The world’s top wheat importer Egypt said Wednesday it is to receive $500 million from the World Bank to alleviate the impact of war between its main suppliers Russia and Ukraine.
“The World Bank financing will support the government’s efforts to meet food needs and enhance resilience to future shocks,” International Cooperation Minister Rania al-Mashat said in a statement.
Egypt’s food security has been under mounting pressure since Russia invaded Ukraine in late February causing massive disruption to exports from Black Sea ports.
Before the invasion, the two countries accounted for 85 percent of Egypt’s wheat imports.
The new tranche of World Bank financing will go towards “funding wheat purchases” as well as “increasing wheat storage capacities” in anticipation of future crises, the ministry said.

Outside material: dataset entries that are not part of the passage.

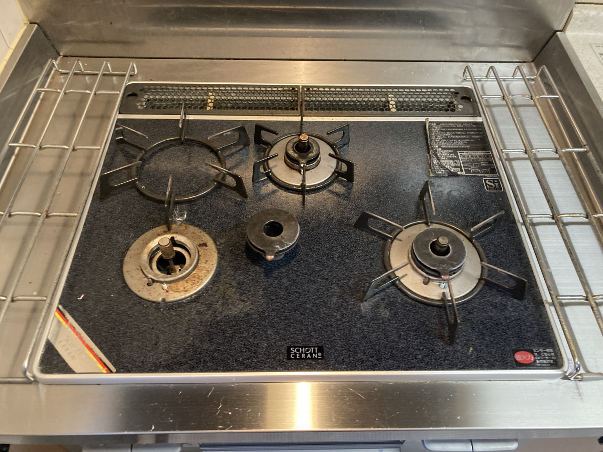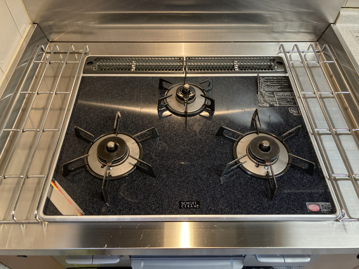 ガスレンジは油汚れが付着していますので、こちらはアルカリ性の洗剤を使用します。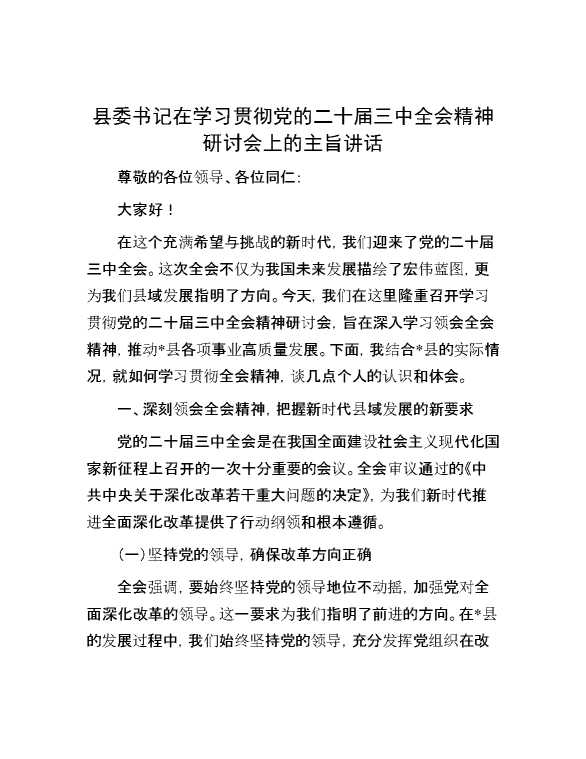县委书记在学习贯彻党的二十届三中全会精神研讨会上的主旨讲话 2024-10-25 Word模板 62 购买前,请一定要先点击这里看看,欢迎持续关注,精彩模板每天推送 预览结束,本文件为word文档,一共5页,共2224字,请购买后,下载后查看 购买前,请一定要先点击这里看看,欢迎持续关注,精彩模板每天推送 资源下载下载价格29 RMBVIP免费升级VIP点击检测网盘有效后购买有任何充值和下载问题请加微信:xuexixuexi66 0 演讲发言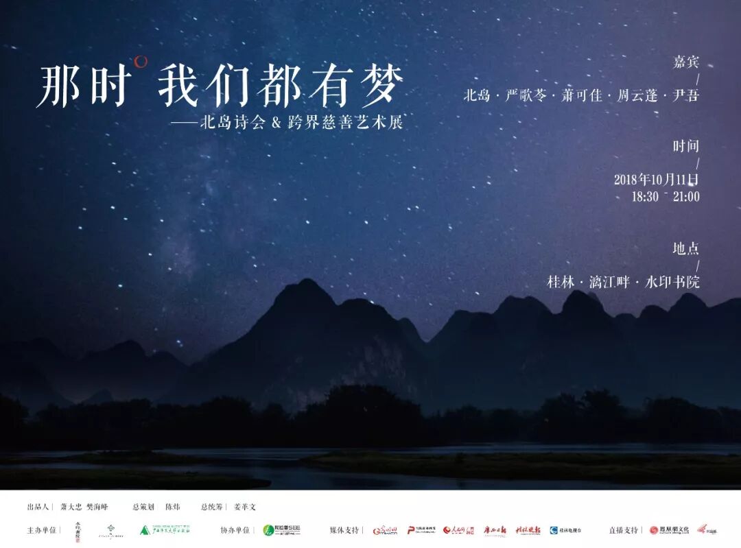 10月11日,我们与水印书院、斑马谷文化一起,特邀著名诗人北岛,作家严歌苓,书法家萧可佳,音乐人周云蓬、尹吾等人,相会桂林。在漓江畔、山水间、星空下,重温那个文学年代,诗歌年代的旧梦。注意:目前,活动报名即将截止,仅剩20个名额,先报名者先得。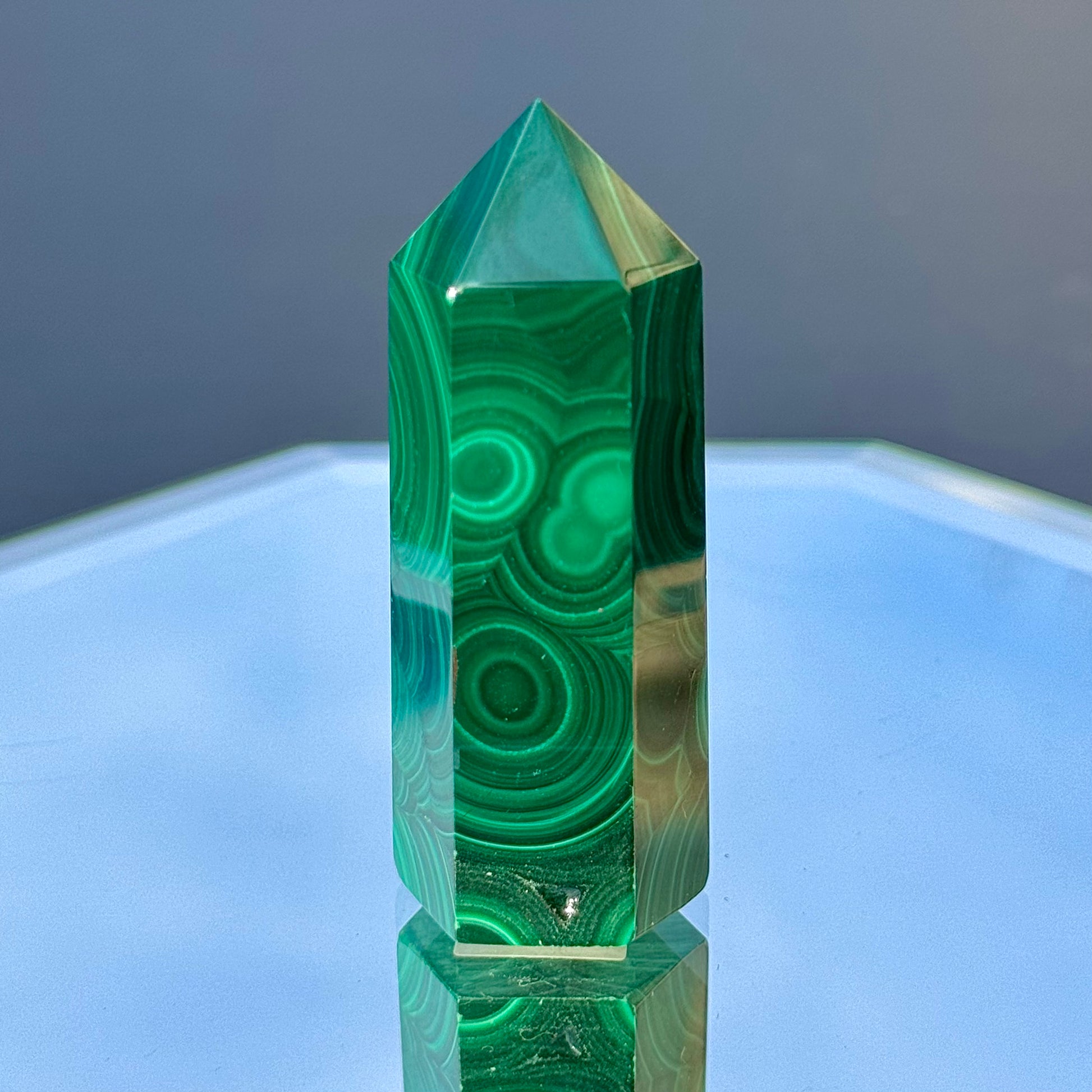 This Malachite Tower is 2 1/2" tall.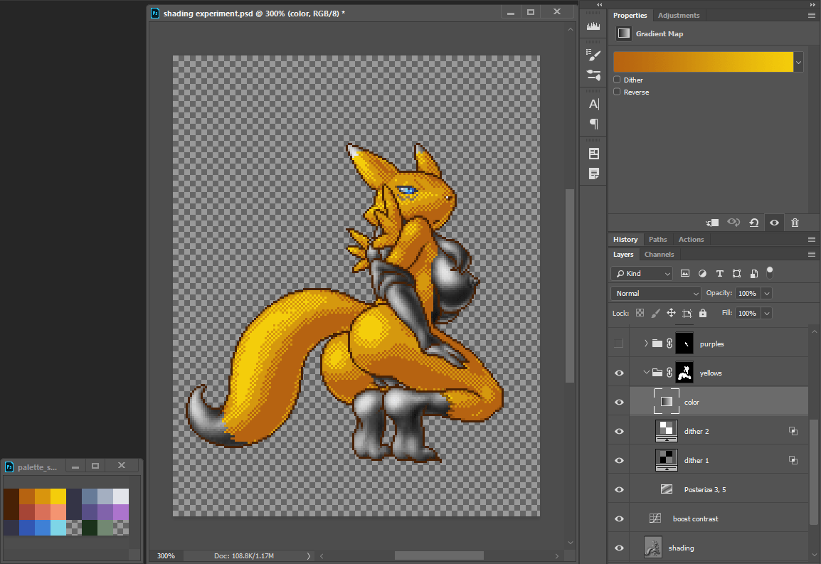 Add posterizing using a layer effect. The goal is to create a brightness band for each shade of this color in your palette AND for each band of dithering in between each of those colors. In this example I have 1 dark color exclusively for outlining and 3 shades of yellow I want to use for shading, so 3 shades of yellow + 2 shades of dithering in between them = 5 total bands.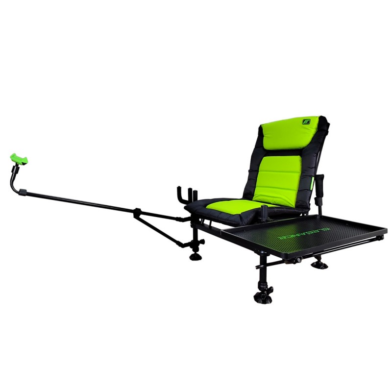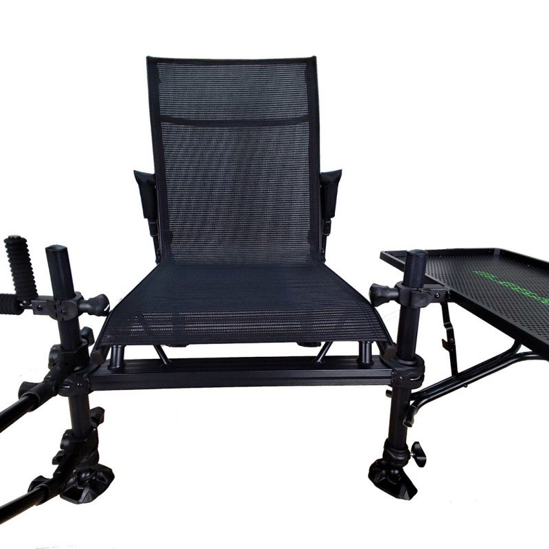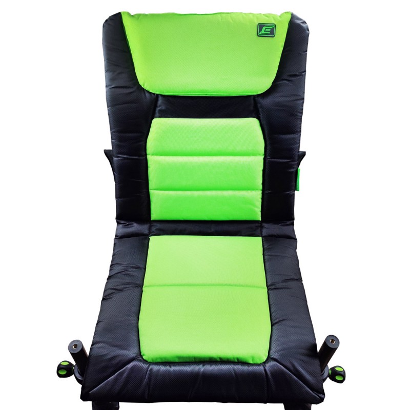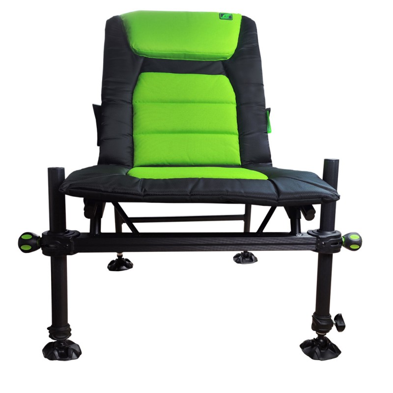 ELEGANCE Method Feeder Chair, лёгкое и очень удобное кресло с прочной конструкцией из металла. Оно оснащено четырьмя телескопическими ножками, позволяющими выставлять кресло ровно на любой поверхности. Каждая ножка имеет широкую пятку, предотвращающую заглубление в сыпучих грунтах. Диаметр передних ножек 36 мм, что позволяет установить множество различных обвесов, что делает рыбалку комфортной! Сверху передних ножек имеется резьба 3/8 дюйма (скрыта под пластиковыми заглушками), что так же расширяет возможности различных обвесов.
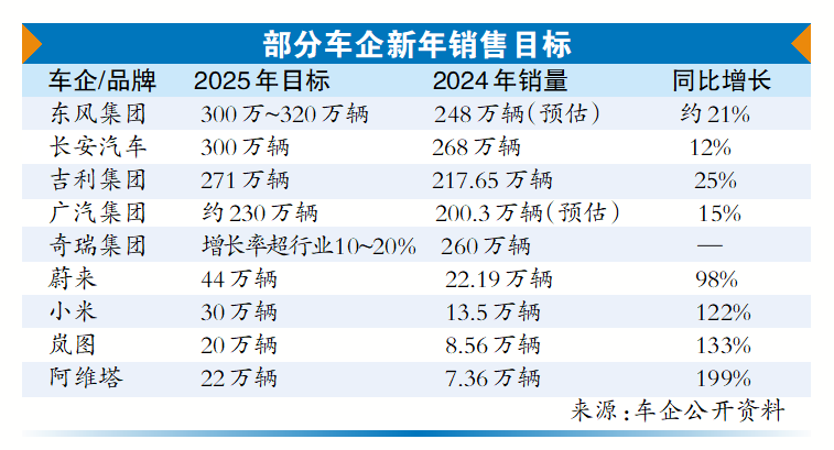 今年,“创新高”成为众多车企的年度目标关键词。广汽集团在新年贺词中提到,今年将全力挑战实现年度销量增长15%的经营目标;吉利汽车提出了2025年实现271万辆的全年销量目标,同比增长约24%……截至目前,已有近20家车企或品牌公布了2025年的全年销量新目标,关键词均为“创新高”。尤其是新势力车企的目标更为激进,如小米、阿维塔、岚图、深蓝汽车的年度目标普遍同比翻倍。例如,小米汽车2024年全年交付13.5万辆,而2025年的交付目标则大幅提升至30万辆,增幅达122%。

Since the war began, the government has already ramped up wheat purchases from domestic farmers as well as trialing wheat substitutes in a bid to counter the supply shortfall.
On Tuesday, state bakeries in New Valley province in the southwest hailed successful trials of “sweet potato bread”, Egyptian media reported.
The adjusted recipes use sweet potato to supplement wheat in the flour used to make state-subsidized flatbread - an everyday staple for the country’s 103 million people.
Some 71.5 million Egyptians rely on bread subsidies, which account for 57 percent of the state’s subsidy budget, according to official figures.
Soaring world commodity prices helped to push Egyptian inflation to a three-year high of 15.3 percent in June, according to official figures.
In late March, the Central Bank of Egypt allowed the Egyptian pound to depreciate against the dollar, causing it to lose around 18 percent of its value overnight.
Foreign currency reserves fell around $6 billion in April and May to stand at $35.5 billion, as a result of moves “to calm the markets” as well as “external debt repayments,” the bank said.
To help weather the crisis, Egypt has requested a new loan from the International Monetary Fund, that will add to an already sizeable foreign debt equivalent to almost 90 percent of GDP.
On a visit to Cairo earlier this month, European Commission chief Ursula von der Leyen pledged “immediate relief of 100 million euros” to support food security in Egypt.